Exercise data:
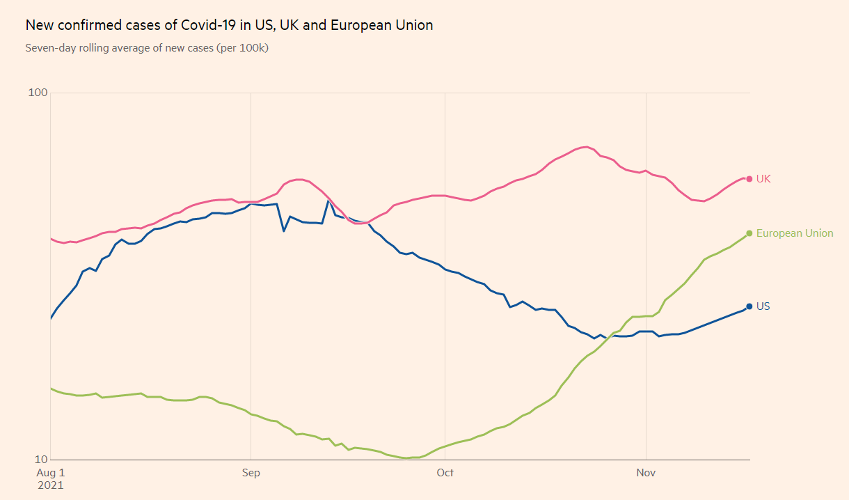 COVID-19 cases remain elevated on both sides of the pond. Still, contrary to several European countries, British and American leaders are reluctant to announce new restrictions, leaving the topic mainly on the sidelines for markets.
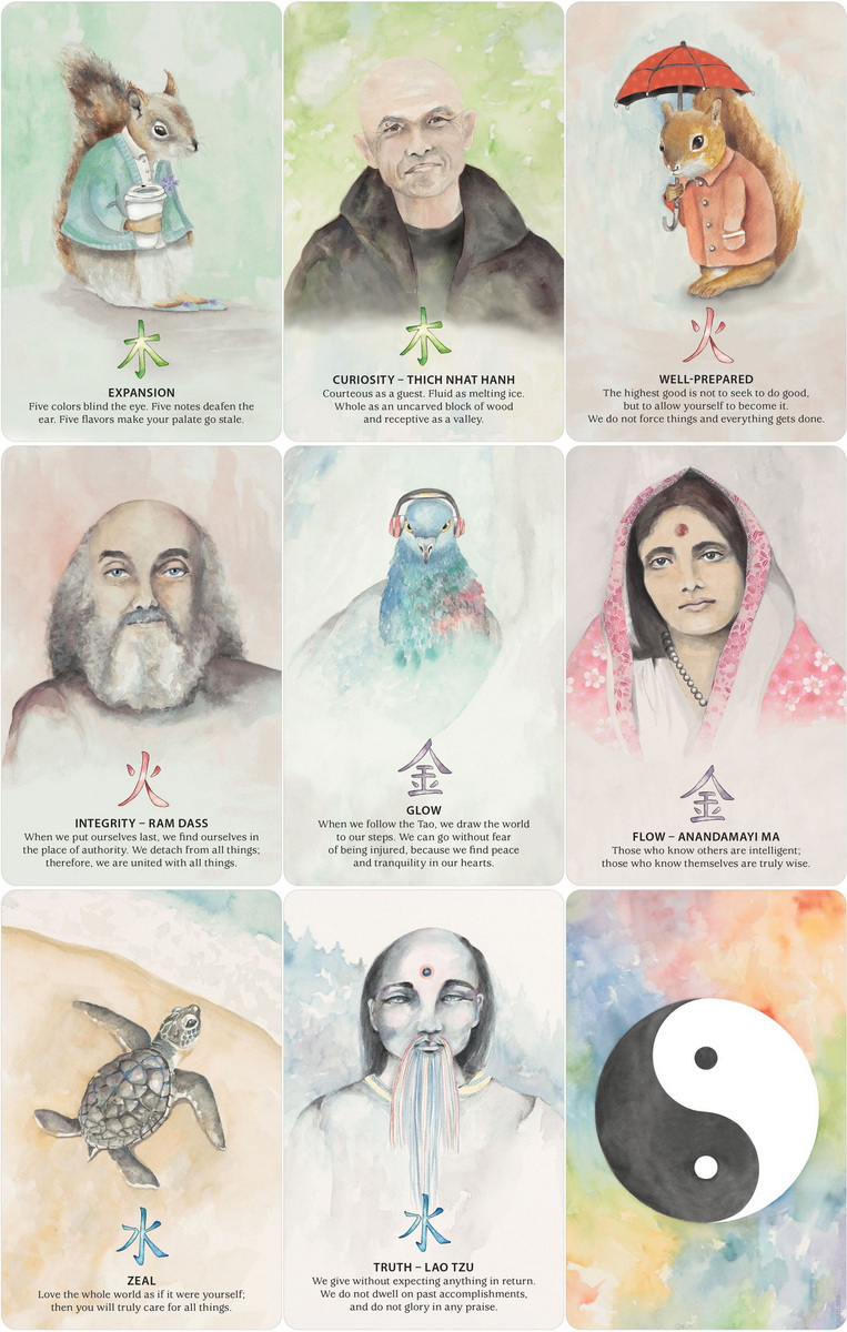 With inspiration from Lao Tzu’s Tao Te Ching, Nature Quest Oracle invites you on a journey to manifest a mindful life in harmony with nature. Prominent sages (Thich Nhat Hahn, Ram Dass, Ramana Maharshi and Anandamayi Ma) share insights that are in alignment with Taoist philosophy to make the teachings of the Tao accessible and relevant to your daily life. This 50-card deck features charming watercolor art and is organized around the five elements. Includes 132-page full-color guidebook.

==

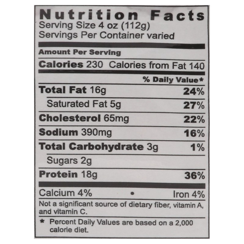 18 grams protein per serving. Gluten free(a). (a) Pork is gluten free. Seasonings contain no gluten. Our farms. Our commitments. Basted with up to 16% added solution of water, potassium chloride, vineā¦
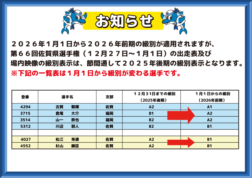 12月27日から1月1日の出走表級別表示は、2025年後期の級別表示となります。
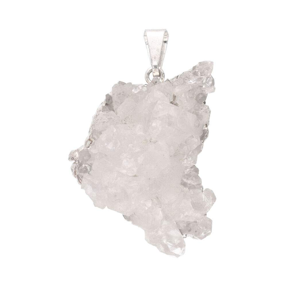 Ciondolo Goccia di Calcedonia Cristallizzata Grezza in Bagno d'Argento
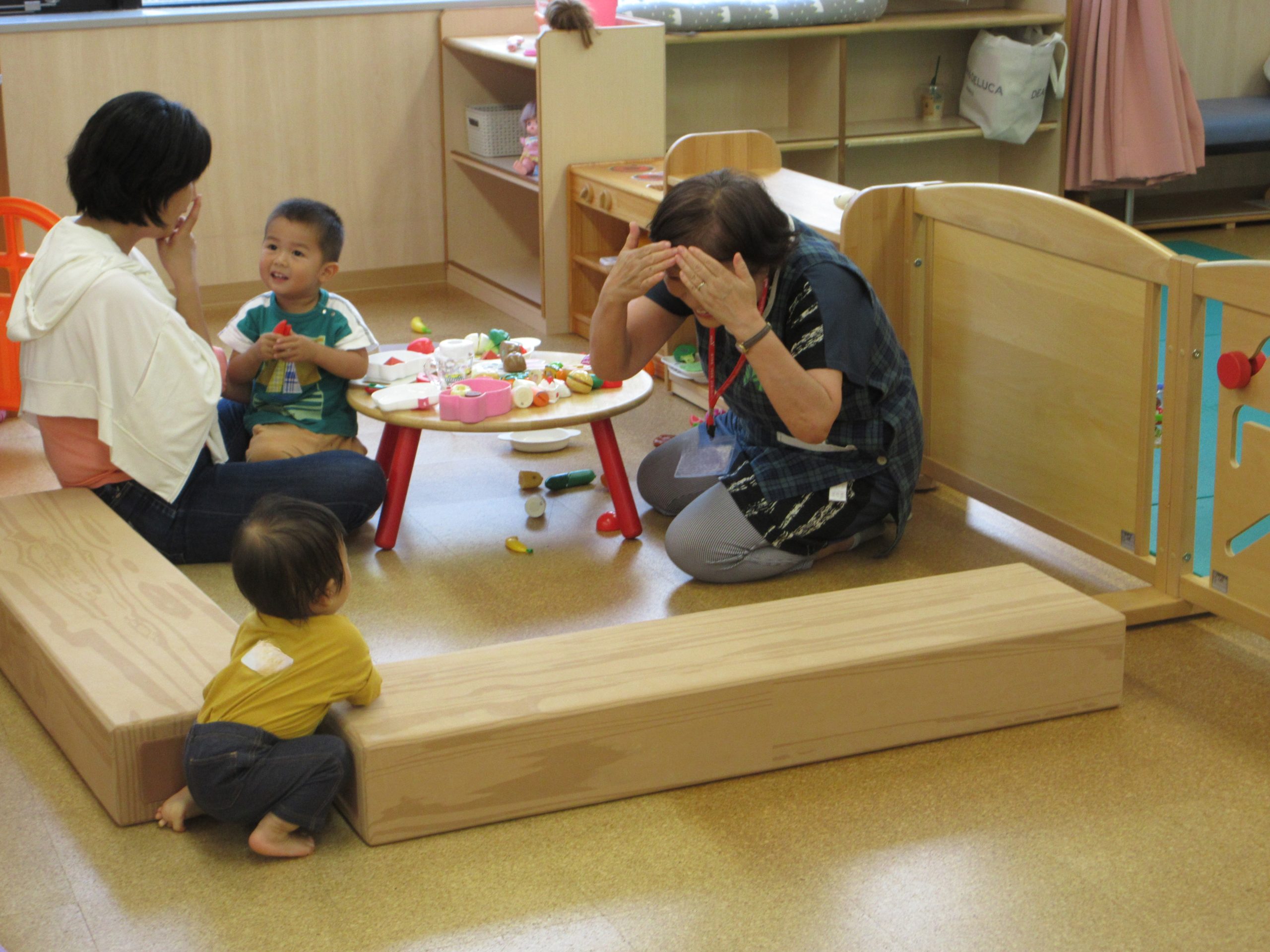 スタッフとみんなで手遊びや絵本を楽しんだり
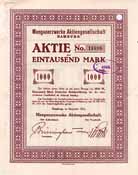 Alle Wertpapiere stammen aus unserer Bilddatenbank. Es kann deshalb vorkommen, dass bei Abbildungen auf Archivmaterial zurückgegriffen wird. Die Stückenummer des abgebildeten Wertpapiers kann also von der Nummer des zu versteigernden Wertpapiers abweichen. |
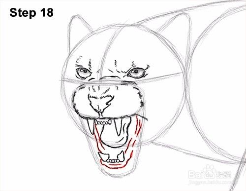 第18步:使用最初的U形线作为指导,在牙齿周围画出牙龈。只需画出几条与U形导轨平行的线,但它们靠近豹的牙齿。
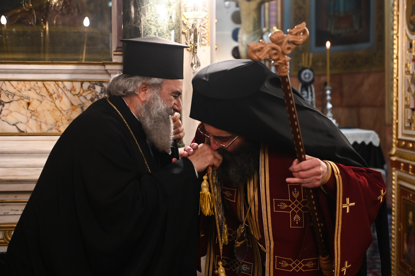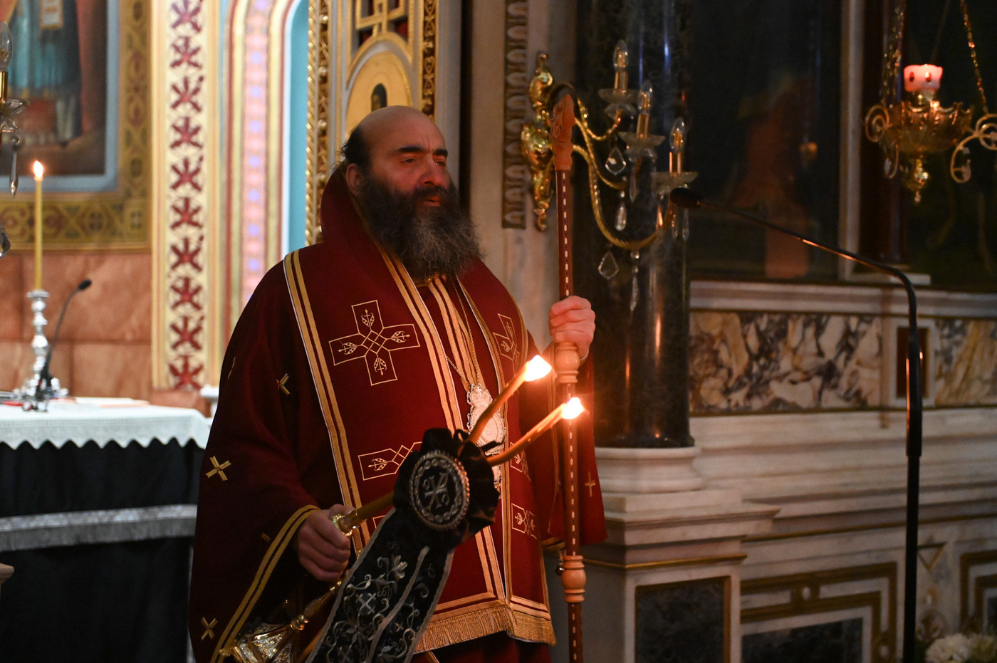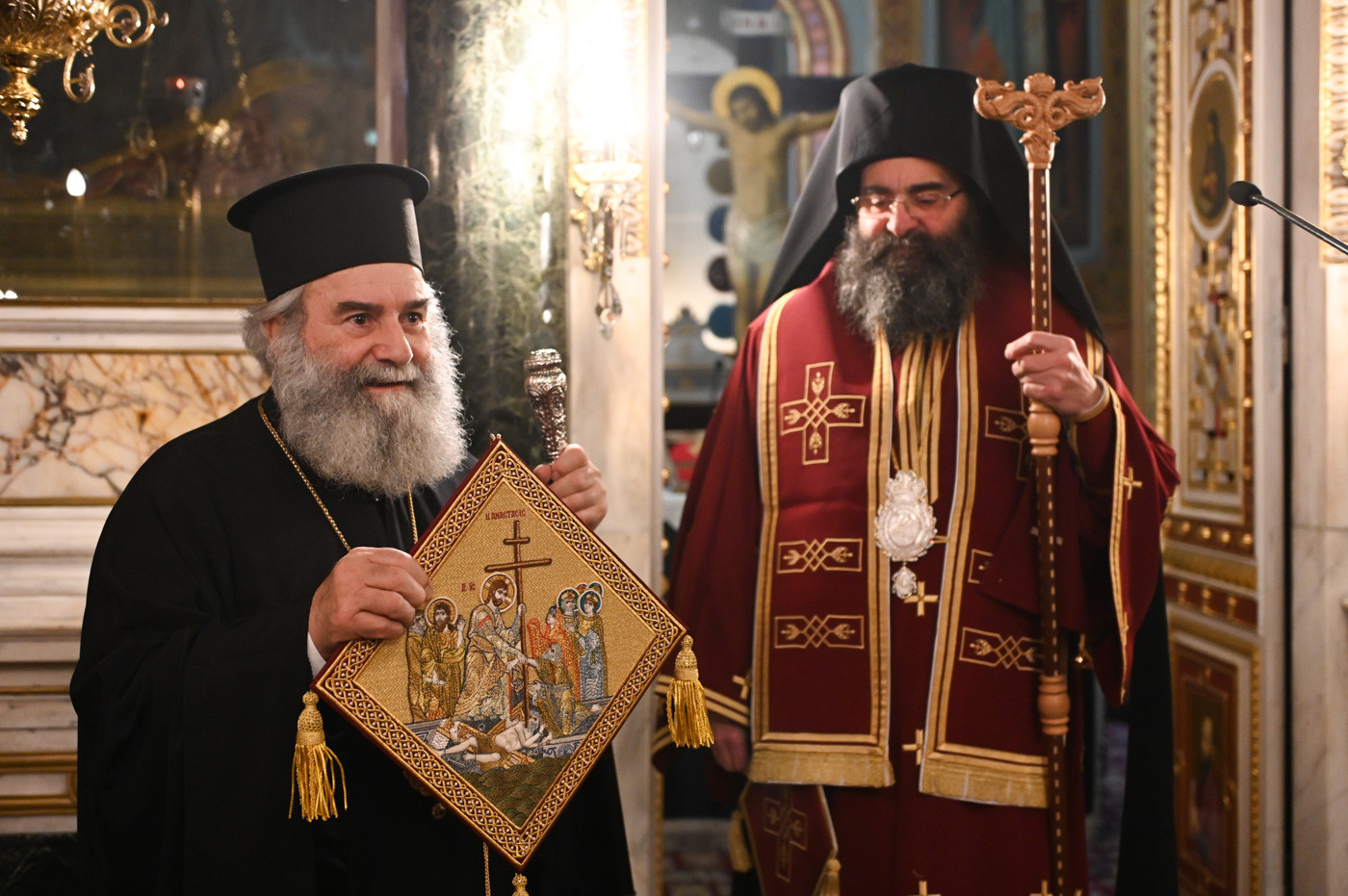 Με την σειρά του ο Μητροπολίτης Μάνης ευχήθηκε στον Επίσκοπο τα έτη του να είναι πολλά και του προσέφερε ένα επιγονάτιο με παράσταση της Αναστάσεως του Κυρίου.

* * *

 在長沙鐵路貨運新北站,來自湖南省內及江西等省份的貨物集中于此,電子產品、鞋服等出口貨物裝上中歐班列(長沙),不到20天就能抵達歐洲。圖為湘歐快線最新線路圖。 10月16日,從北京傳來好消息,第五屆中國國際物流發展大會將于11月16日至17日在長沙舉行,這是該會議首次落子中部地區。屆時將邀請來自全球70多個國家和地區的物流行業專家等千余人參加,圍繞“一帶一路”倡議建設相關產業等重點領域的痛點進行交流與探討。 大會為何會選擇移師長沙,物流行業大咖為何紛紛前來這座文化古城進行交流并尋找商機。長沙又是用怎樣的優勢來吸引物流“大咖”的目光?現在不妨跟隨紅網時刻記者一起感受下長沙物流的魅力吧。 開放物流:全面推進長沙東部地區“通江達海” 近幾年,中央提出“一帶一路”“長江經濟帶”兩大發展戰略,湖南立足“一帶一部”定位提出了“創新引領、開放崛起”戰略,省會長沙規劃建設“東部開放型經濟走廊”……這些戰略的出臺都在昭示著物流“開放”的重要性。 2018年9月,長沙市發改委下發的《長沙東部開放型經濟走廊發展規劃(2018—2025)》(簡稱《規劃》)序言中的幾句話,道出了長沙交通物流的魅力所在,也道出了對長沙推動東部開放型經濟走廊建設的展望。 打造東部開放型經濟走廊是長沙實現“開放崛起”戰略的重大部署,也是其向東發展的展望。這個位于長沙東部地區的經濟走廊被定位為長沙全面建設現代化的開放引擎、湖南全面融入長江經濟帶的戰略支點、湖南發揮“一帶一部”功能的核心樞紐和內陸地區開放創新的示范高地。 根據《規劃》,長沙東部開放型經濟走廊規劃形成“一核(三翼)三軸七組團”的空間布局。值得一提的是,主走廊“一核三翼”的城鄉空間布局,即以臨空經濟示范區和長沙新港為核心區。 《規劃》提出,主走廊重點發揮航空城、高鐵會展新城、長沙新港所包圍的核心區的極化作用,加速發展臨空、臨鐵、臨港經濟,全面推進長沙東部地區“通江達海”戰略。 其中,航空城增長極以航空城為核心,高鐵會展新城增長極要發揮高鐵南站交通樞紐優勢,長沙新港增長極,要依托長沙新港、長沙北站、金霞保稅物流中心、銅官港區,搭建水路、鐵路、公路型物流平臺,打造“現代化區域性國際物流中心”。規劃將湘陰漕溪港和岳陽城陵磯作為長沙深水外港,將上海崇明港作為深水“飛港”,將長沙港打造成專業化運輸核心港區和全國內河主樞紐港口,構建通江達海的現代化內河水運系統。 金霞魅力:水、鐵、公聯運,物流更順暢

Task description:
Every line from the one with "Ciondolo Goccia di" through the one with "第18步:使用最初的U形线作" is to be reproduced exactly as written above, and the pictures are to be dropped.

Response below:
 Ciondolo Goccia di Calcedonia Cristallizzata Grezza in Bagno d'Argento
 スタッフとみんなで手遊びや絵本を楽しんだり
 Alle Wertpapiere stammen aus unserer Bilddatenbank. Es kann deshalb vorkommen, dass bei Abbildungen auf Archivmaterial zurückgegriffen wird. Die Stückenummer des abgebildeten Wertpapiers kann also von der Nummer des zu versteigernden Wertpapiers abweichen. |
 第18步:使用最初的U形线作为指导,在牙齿周围画出牙龈。只需画出几条与U形导轨平行的线,但它们靠近豹的牙齿。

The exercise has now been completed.